> TASK REQUIREMENTS
Copy exactly the lines of the material below that fall between the line with "The photo above" and the line with "Secondly, I used", both of those lines included; pictures stay out.

> EXERCISE DATA
────────────────────

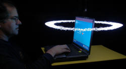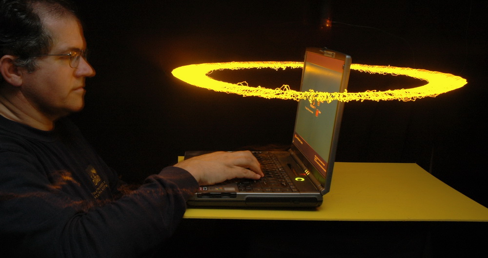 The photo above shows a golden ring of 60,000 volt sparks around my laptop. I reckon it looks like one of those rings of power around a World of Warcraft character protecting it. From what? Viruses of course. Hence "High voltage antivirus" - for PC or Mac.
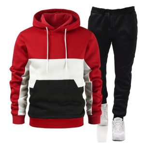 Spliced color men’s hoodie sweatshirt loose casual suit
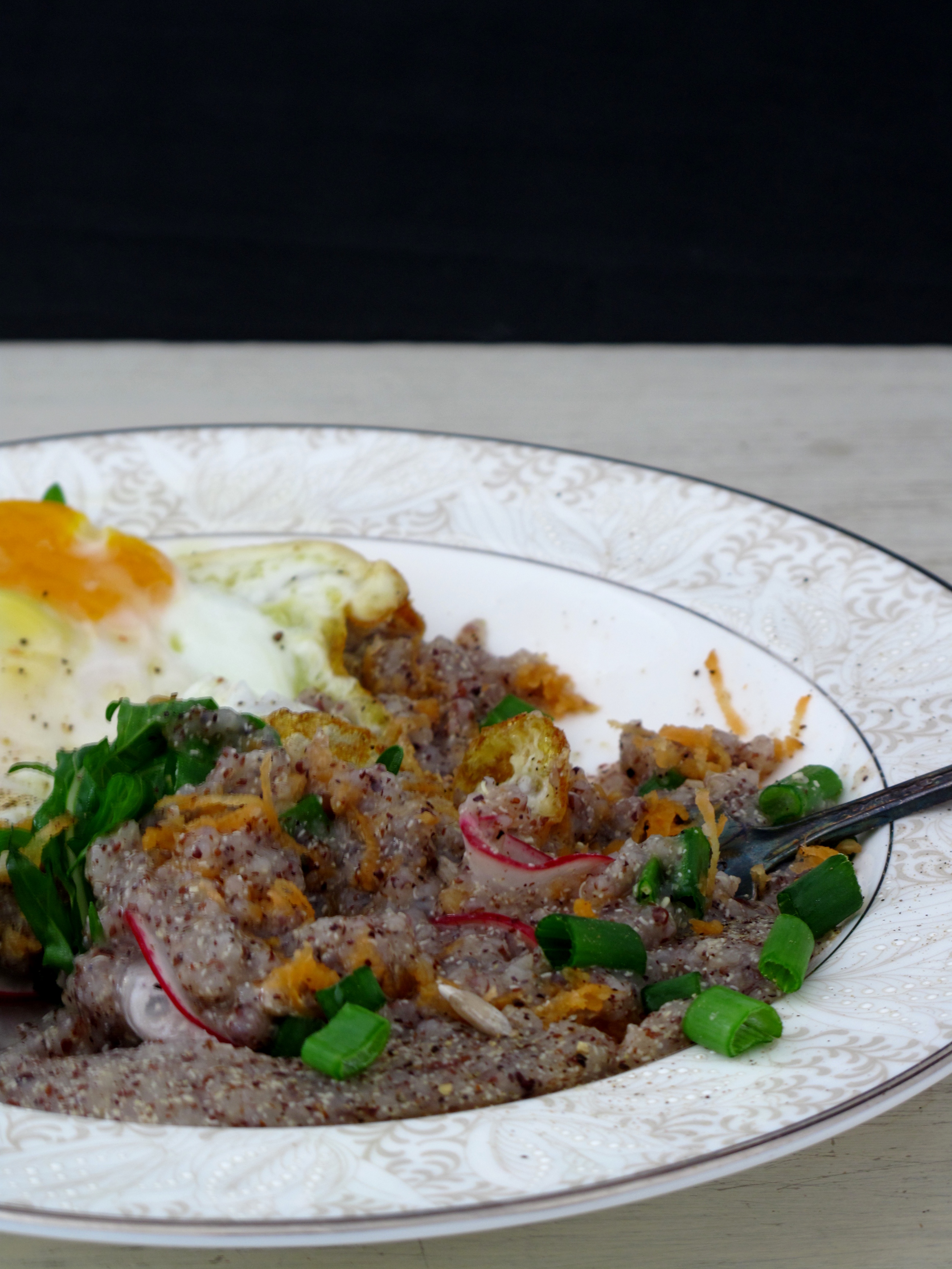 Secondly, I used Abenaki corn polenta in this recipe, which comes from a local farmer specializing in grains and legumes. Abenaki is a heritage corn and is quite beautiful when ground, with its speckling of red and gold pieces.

────────────────────

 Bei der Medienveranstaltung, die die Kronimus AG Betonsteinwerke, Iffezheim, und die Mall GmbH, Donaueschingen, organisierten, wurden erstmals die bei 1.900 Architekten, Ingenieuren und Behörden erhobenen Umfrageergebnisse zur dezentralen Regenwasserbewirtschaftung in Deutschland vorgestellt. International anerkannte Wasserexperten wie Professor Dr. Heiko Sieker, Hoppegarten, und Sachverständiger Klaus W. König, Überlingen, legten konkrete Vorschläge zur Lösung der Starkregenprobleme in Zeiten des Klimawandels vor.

────────────────────

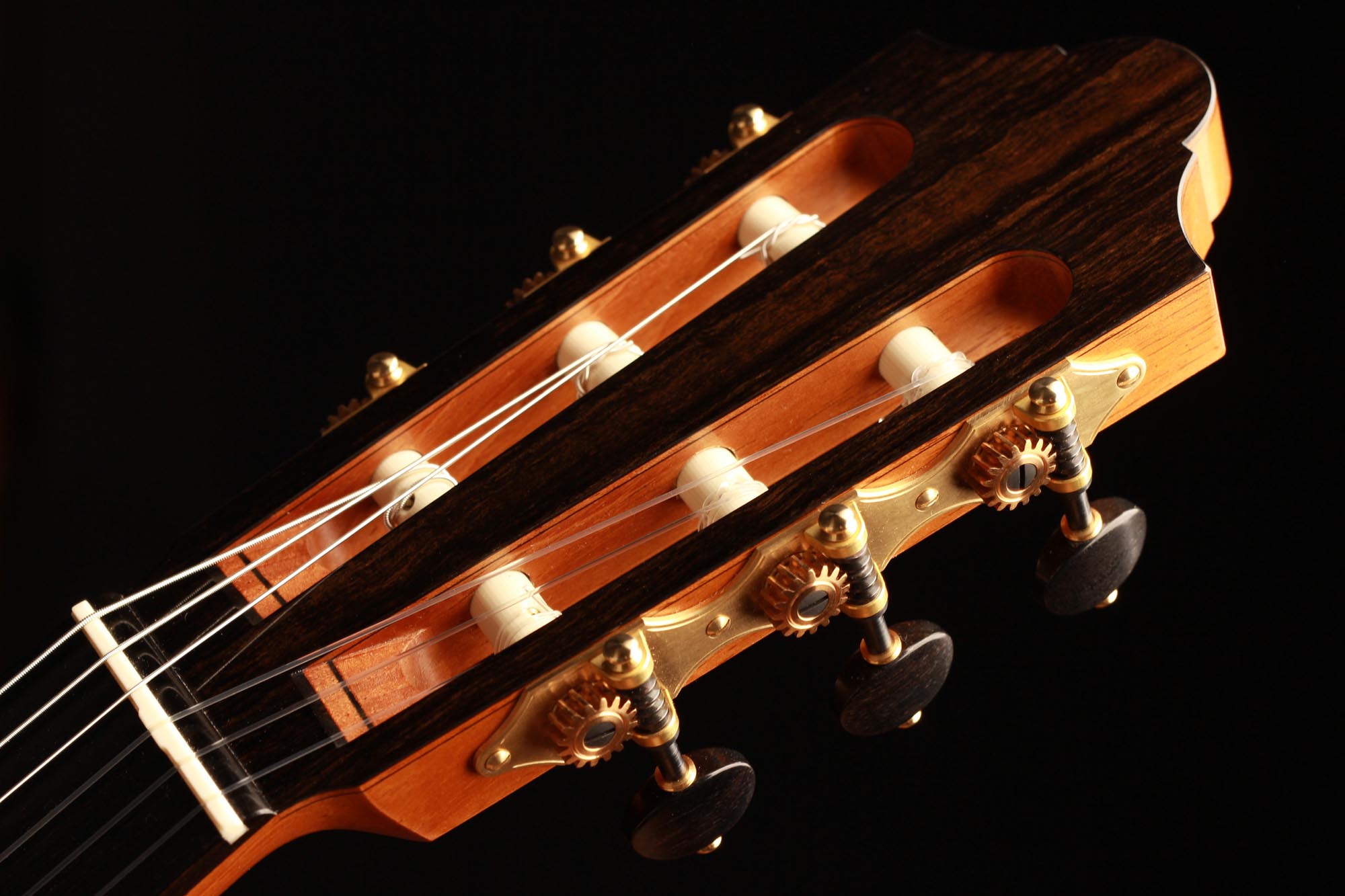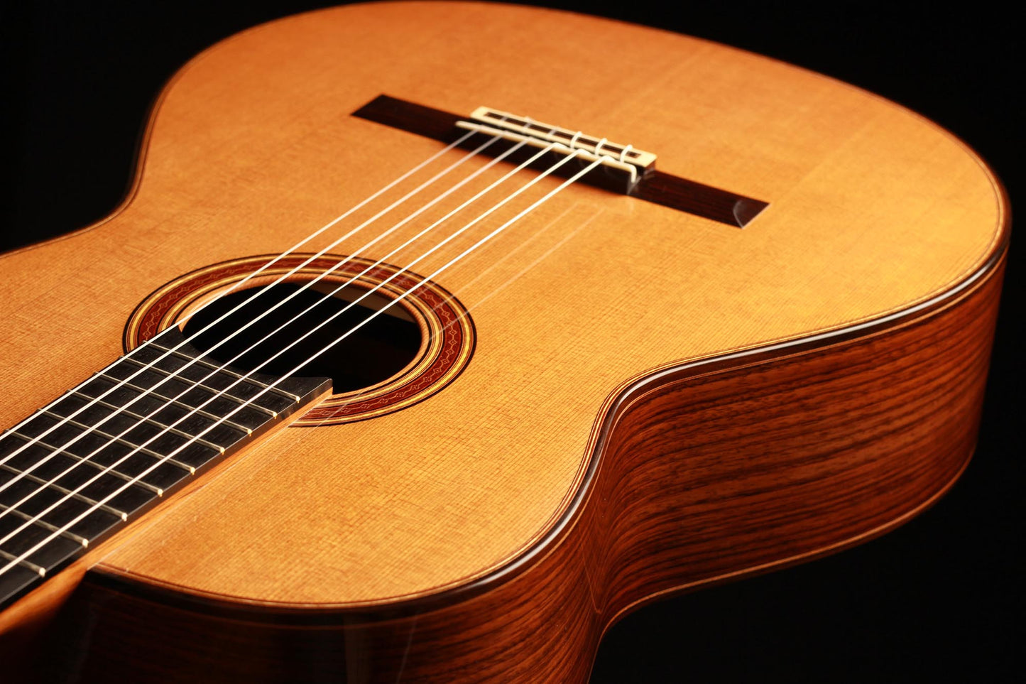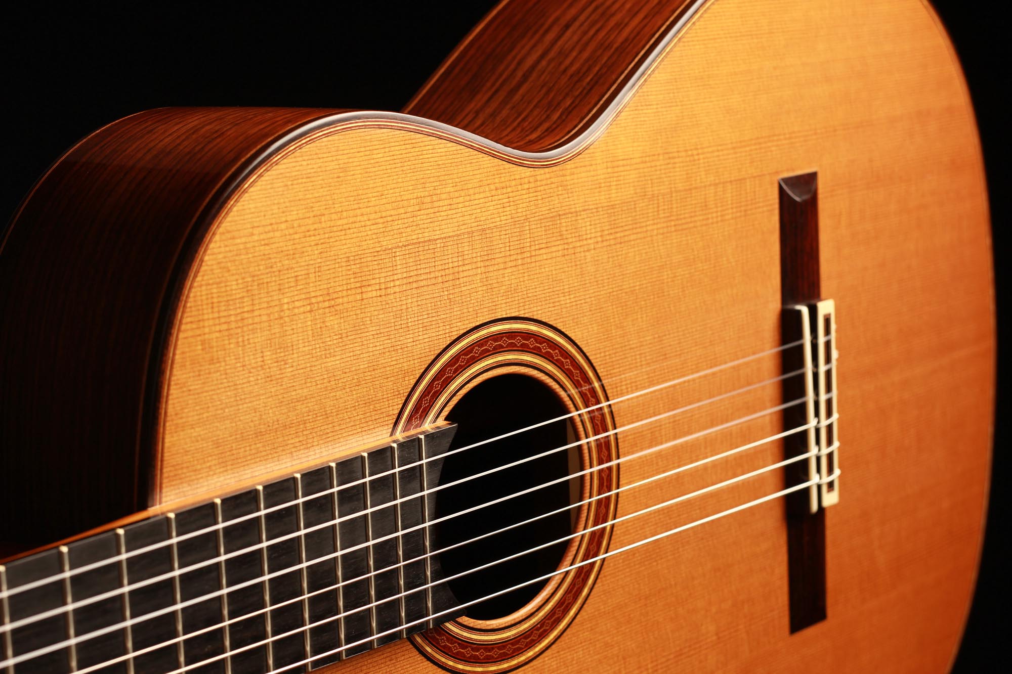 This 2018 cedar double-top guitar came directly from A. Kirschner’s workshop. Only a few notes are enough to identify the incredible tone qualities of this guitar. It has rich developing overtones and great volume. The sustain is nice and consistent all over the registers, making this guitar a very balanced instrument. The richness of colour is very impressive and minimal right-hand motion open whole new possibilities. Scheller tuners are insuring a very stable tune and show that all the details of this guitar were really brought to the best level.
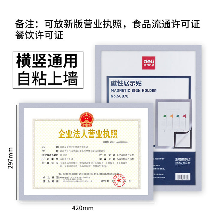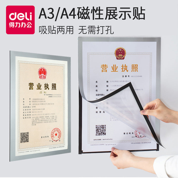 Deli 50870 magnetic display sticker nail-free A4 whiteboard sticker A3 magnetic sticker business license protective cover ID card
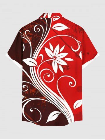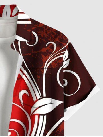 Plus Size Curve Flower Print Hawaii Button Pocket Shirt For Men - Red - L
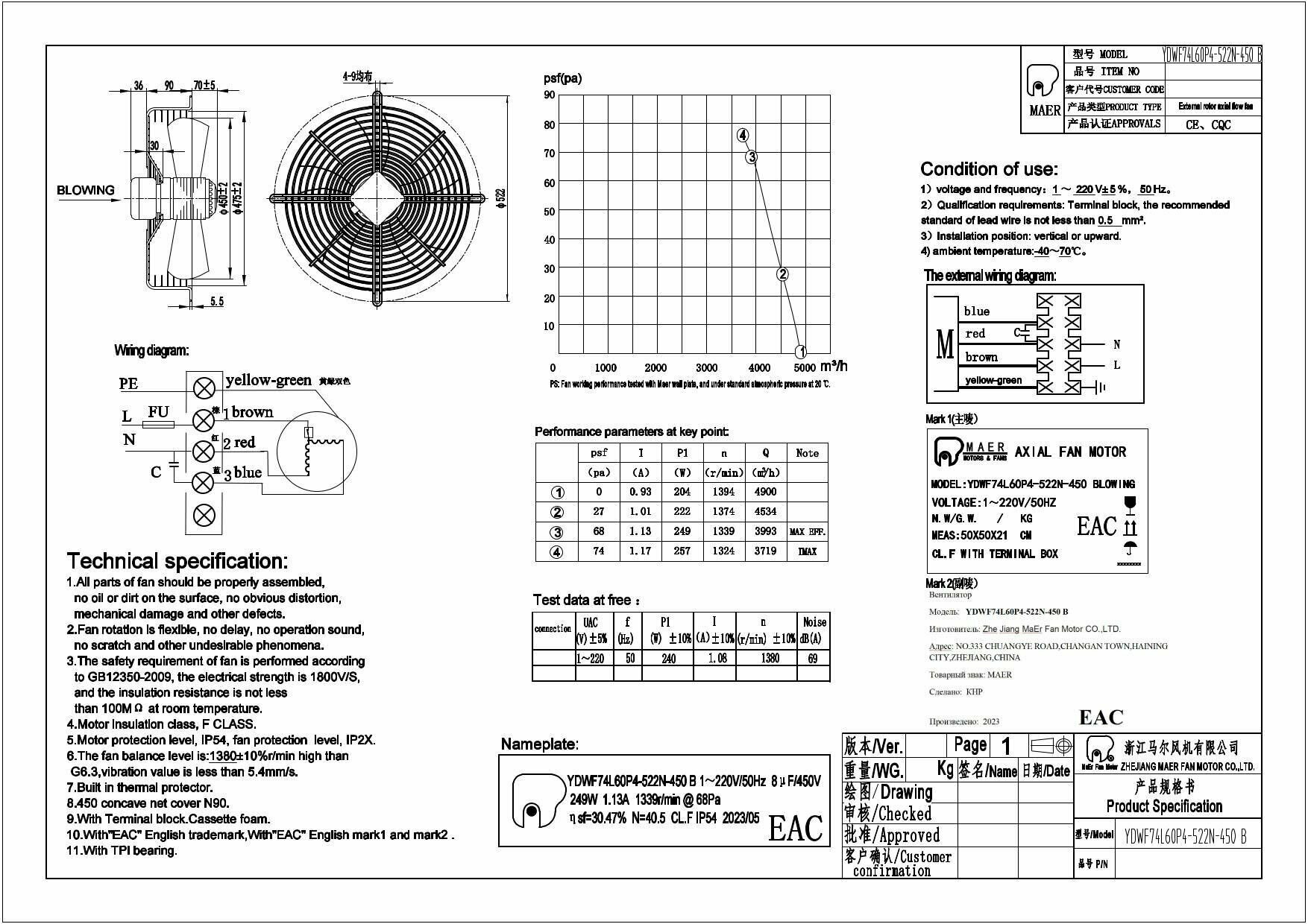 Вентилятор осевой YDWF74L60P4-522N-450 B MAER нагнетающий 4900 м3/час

────────────────────

> RESPONSE TO THE EXERCISE
 The photo above shows a golden ring of 60,000 volt sparks around my laptop. I reckon it looks like one of those rings of power around a World of Warcraft character protecting it. From what? Viruses of course. Hence "High voltage antivirus" - for PC or Mac.
 Spliced color men’s hoodie sweatshirt loose casual suit
 Secondly, I used Abenaki corn polenta in this recipe, which comes from a local farmer specializing in grains and legumes. Abenaki is a heritage corn and is quite beautiful when ground, with its speckling of red and gold pieces.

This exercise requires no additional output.